-- What this task involves --
Exactly as they appear below, repeat the lines from the one with "Alle Grooves, die" through the one with "- Học phí mỗi". Drop every picture.

-- Exercise inputs --
• • •

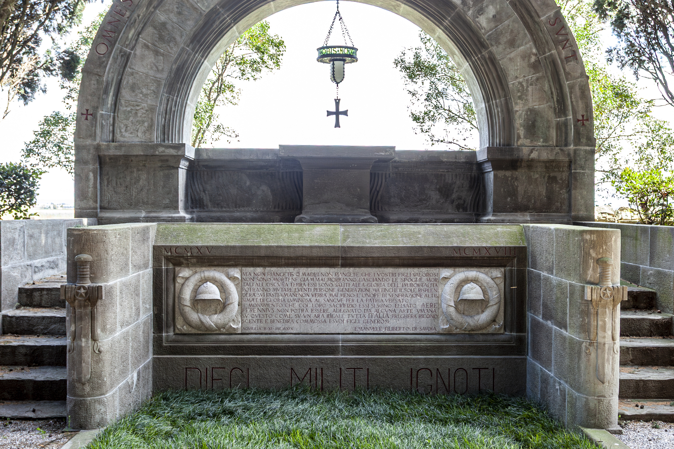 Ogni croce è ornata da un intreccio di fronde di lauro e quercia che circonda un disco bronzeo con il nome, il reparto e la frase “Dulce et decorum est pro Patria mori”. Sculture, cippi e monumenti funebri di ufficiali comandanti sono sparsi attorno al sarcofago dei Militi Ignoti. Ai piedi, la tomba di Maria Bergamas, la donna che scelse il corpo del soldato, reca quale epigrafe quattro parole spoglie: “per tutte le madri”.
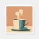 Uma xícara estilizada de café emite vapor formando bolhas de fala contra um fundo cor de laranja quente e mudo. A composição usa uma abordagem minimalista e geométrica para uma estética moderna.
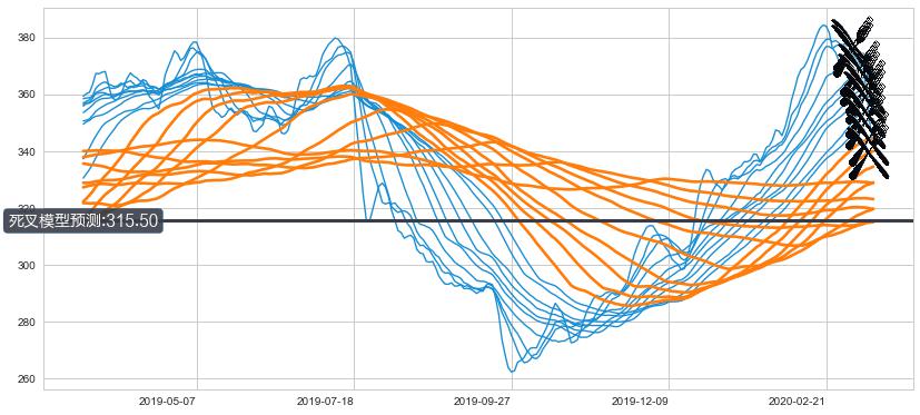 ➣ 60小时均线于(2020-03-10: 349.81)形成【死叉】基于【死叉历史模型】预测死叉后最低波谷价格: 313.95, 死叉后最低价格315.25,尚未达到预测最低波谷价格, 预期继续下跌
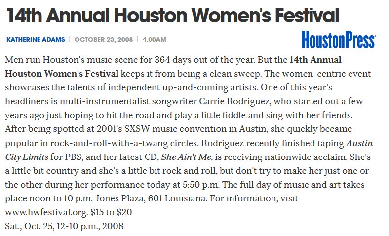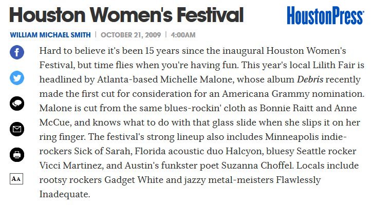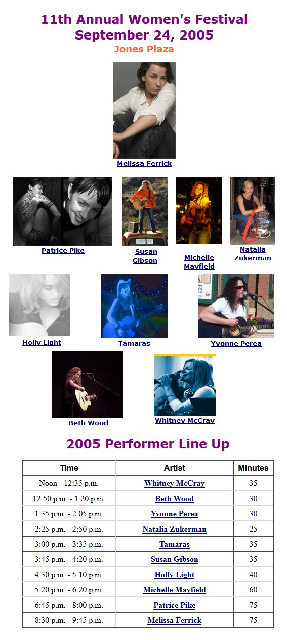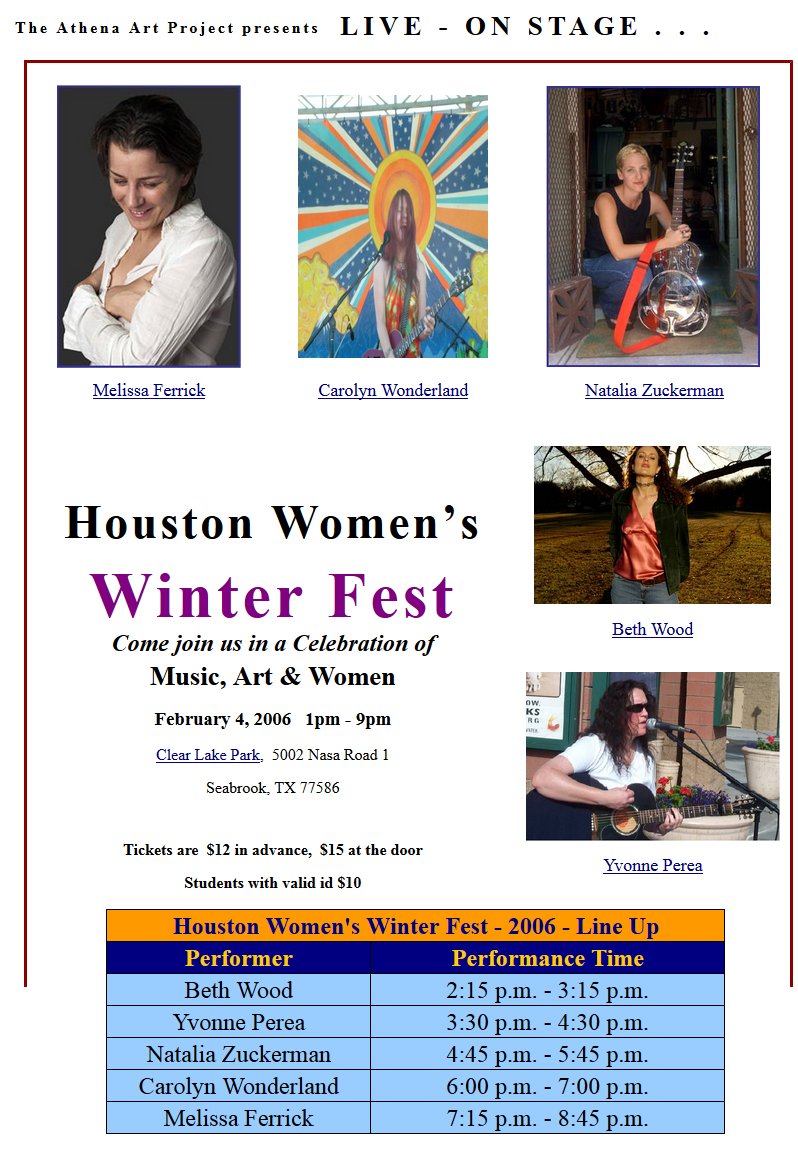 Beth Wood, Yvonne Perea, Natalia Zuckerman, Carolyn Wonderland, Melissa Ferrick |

• • •

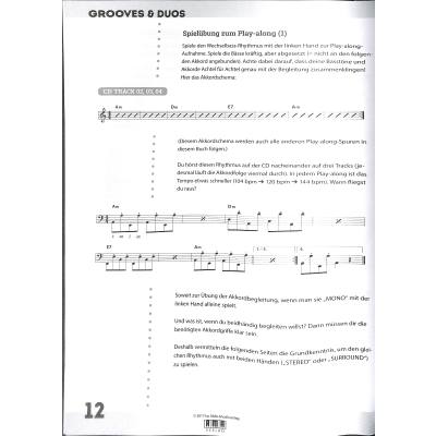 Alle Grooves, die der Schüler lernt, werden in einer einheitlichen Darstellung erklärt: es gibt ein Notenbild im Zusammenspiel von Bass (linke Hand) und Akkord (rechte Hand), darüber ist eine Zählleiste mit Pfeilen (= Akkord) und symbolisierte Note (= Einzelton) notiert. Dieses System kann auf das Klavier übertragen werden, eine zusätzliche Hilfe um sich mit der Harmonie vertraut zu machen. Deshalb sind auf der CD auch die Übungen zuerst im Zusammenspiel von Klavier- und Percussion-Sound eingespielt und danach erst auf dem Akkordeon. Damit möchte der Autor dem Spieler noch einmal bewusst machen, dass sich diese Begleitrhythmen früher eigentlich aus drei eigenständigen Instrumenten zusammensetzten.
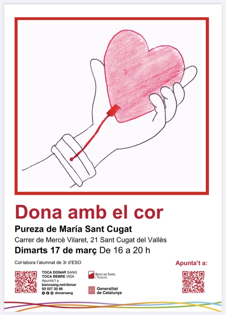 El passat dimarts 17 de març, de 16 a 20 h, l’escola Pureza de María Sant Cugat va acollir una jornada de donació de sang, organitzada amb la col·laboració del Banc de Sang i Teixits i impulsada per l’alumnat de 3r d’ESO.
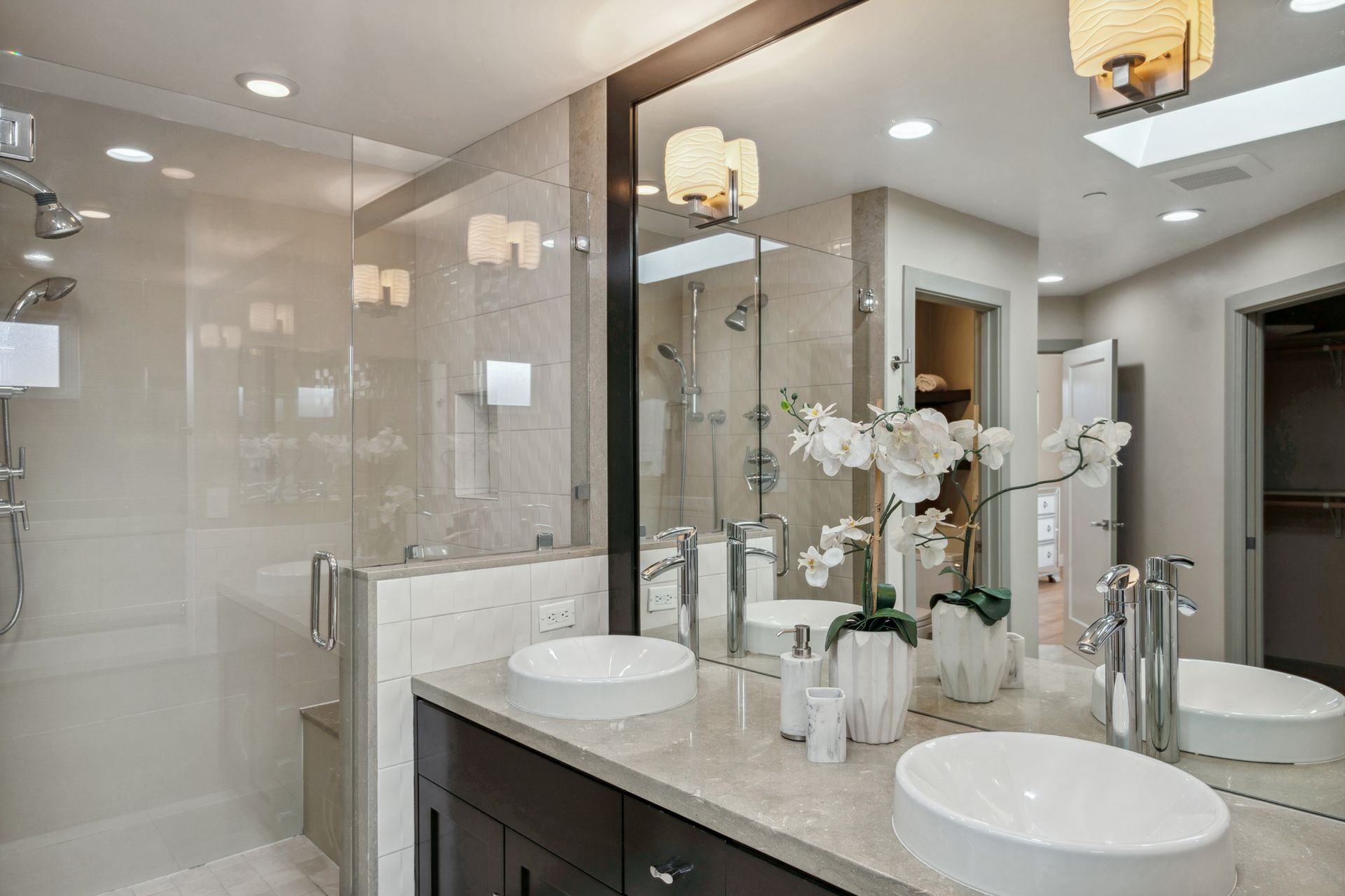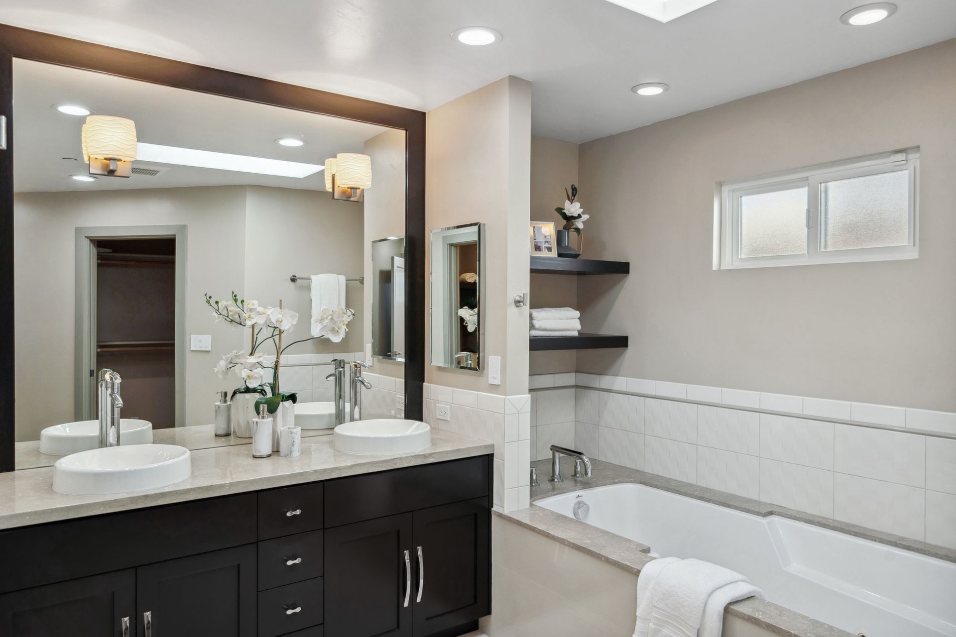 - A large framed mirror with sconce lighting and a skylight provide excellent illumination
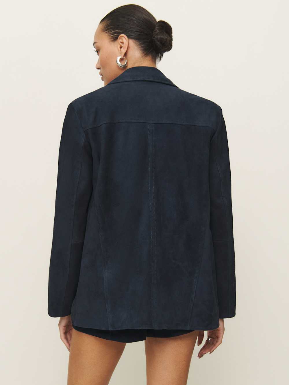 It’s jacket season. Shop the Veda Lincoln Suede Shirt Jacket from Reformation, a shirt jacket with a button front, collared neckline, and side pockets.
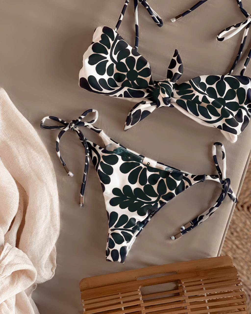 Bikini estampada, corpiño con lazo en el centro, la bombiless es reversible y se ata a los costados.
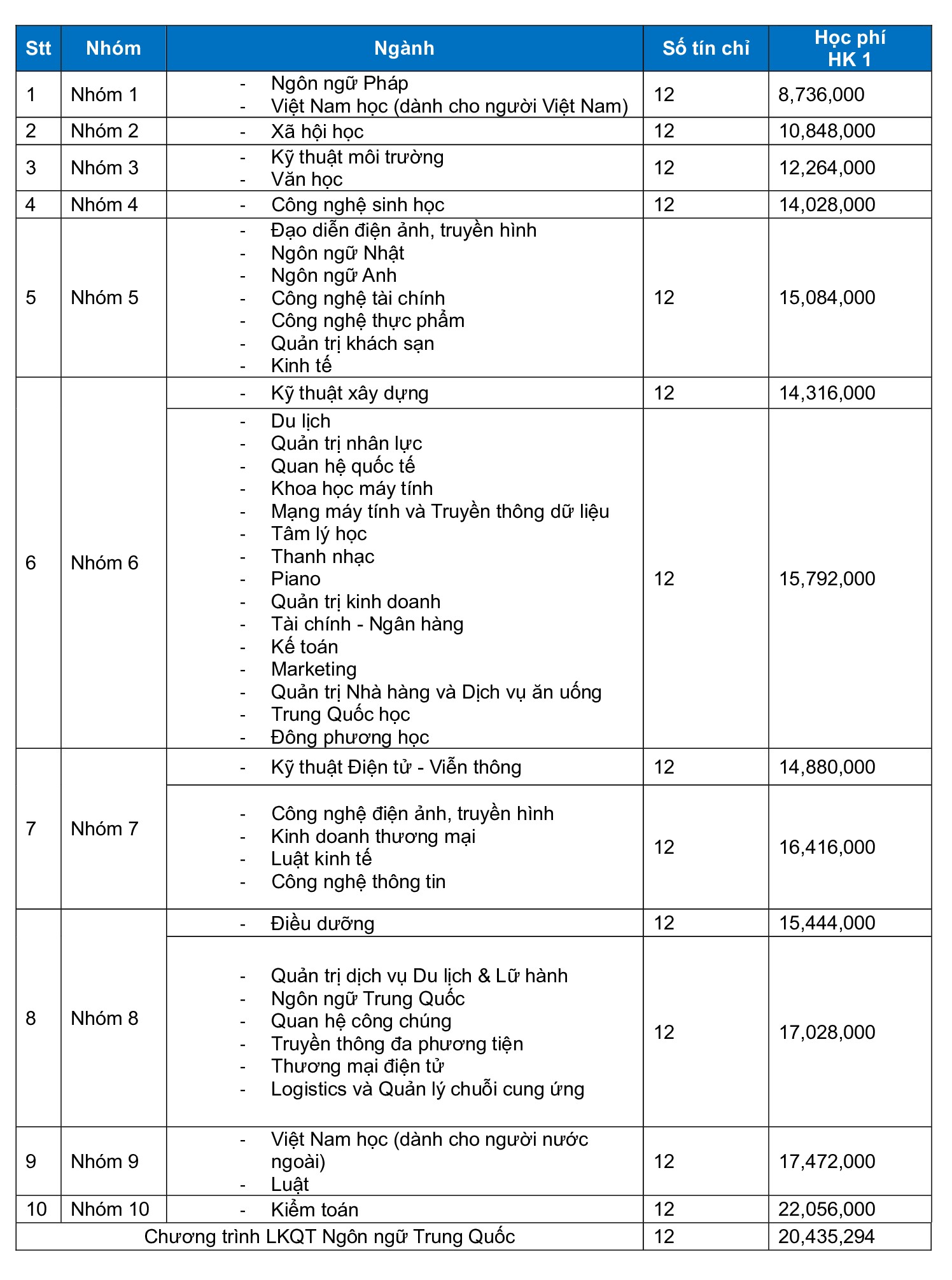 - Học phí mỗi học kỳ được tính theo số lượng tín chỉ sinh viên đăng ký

• • •

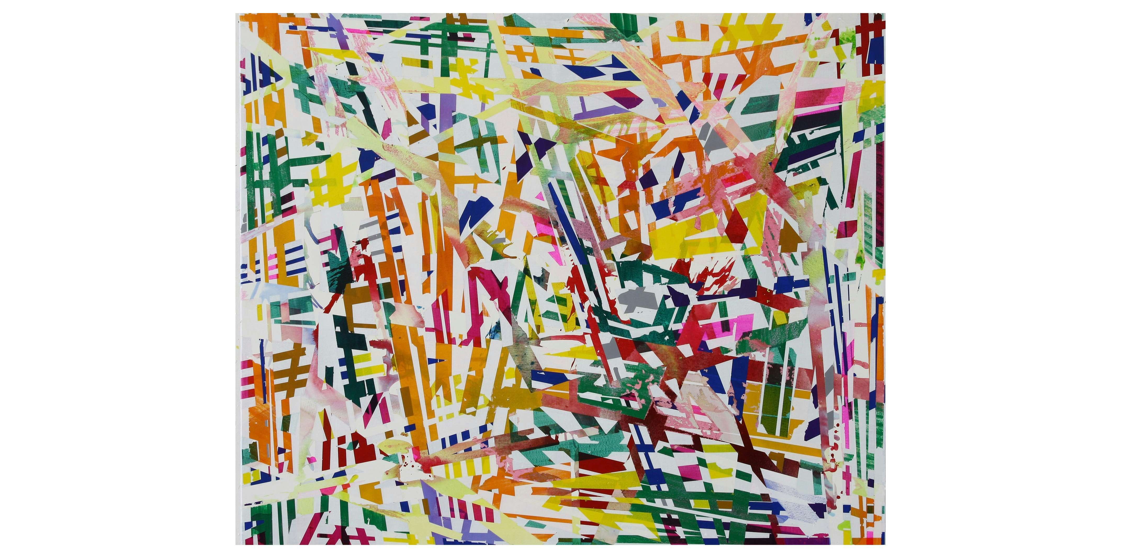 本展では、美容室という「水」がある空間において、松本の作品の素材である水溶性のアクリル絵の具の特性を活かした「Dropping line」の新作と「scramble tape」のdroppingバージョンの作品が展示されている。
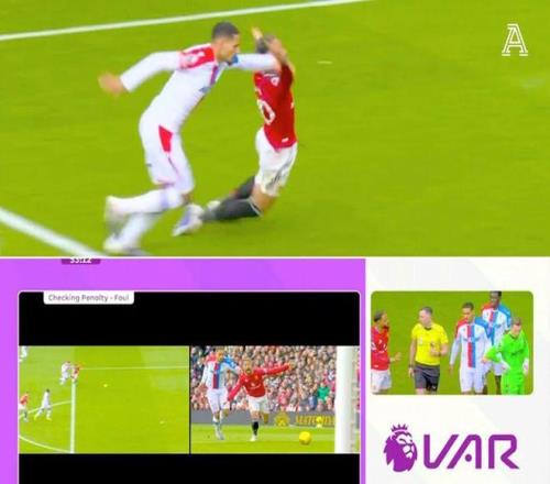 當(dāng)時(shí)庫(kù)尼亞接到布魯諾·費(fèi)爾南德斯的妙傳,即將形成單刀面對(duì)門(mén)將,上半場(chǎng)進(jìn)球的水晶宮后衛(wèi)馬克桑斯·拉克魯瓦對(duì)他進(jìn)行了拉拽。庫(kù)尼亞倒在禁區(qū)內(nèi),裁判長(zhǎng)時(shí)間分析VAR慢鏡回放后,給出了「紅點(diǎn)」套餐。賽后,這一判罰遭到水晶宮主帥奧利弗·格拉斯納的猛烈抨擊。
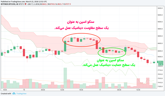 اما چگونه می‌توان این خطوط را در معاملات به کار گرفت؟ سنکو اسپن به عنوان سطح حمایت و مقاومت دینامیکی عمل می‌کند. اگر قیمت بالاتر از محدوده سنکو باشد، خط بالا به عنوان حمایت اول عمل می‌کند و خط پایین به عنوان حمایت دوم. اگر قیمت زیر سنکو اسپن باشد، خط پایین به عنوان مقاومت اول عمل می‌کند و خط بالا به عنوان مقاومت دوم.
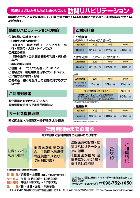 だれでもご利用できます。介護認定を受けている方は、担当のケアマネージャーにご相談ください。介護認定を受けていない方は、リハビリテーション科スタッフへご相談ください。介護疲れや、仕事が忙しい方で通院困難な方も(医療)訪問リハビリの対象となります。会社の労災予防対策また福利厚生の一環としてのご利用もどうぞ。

• • •

-- Solution for this exercise --
 Alle Grooves, die der Schüler lernt, werden in einer einheitlichen Darstellung erklärt: es gibt ein Notenbild im Zusammenspiel von Bass (linke Hand) und Akkord (rechte Hand), darüber ist eine Zählleiste mit Pfeilen (= Akkord) und symbolisierte Note (= Einzelton) notiert. Dieses System kann auf das Klavier übertragen werden, eine zusätzliche Hilfe um sich mit der Harmonie vertraut zu machen. Deshalb sind auf der CD auch die Übungen zuerst im Zusammenspiel von Klavier- und Percussion-Sound eingespielt und danach erst auf dem Akkordeon. Damit möchte der Autor dem Spieler noch einmal bewusst machen, dass sich diese Begleitrhythmen früher eigentlich aus drei eigenständigen Instrumenten zusammensetzten.
 El passat dimarts 17 de març, de 16 a 20 h, l’escola Pureza de María Sant Cugat va acollir una jornada de donació de sang, organitzada amb la col·laboració del Banc de Sang i Teixits i impulsada per l’alumnat de 3r d’ESO.
 - A large framed mirror with sconce lighting and a skylight provide excellent illumination
 It’s jacket season. Shop the Veda Lincoln Suede Shirt Jacket from Reformation, a shirt jacket with a button front, collared neckline, and side pockets.
 Bikini estampada, corpiño con lazo en el centro, la bombiless es reversible y se ata a los costados.
 - Học phí mỗi học kỳ được tính theo số lượng tín chỉ sinh viên đăng ký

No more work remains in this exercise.